Your answer should be the exact lines of the data below from the one containing "한 여름의 더운 오후, 교실" through the one containing "The Yuri fitted"; please include nothing else.
┌─ Given data
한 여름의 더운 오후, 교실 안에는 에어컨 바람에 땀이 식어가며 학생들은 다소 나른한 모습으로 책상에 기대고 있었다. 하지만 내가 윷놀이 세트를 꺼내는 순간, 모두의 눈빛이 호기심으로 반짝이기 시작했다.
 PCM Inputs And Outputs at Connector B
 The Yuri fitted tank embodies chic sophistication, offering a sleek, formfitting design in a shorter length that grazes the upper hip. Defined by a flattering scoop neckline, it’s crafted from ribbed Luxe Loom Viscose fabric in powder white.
└─
┌─ Given data
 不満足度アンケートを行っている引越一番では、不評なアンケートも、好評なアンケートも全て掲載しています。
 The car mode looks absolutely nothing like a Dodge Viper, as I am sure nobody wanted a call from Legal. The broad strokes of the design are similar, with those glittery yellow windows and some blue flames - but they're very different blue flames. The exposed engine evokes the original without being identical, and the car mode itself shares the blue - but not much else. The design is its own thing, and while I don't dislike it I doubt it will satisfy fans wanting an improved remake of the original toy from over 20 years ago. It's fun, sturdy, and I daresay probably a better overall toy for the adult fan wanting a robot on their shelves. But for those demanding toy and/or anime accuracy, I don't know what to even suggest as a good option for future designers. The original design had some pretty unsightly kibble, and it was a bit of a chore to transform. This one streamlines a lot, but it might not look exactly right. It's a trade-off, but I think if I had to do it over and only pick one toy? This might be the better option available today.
└─
*Expected output:*
한 여름의 더운 오후, 교실 안에는 에어컨 바람에 땀이 식어가며 학생들은 다소 나른한 모습으로 책상에 기대고 있었다. 하지만 내가 윷놀이 세트를 꺼내는 순간, 모두의 눈빛이 호기심으로 반짝이기 시작했다.
 PCM Inputs And Outputs at Connector B
 The Yuri fitted tank embodies chic sophistication, offering a sleek, formfitting design in a shorter length that grazes the upper hip. Defined by a flattering scoop neckline, it’s crafted from ribbed Luxe Loom Viscose fabric in powder white.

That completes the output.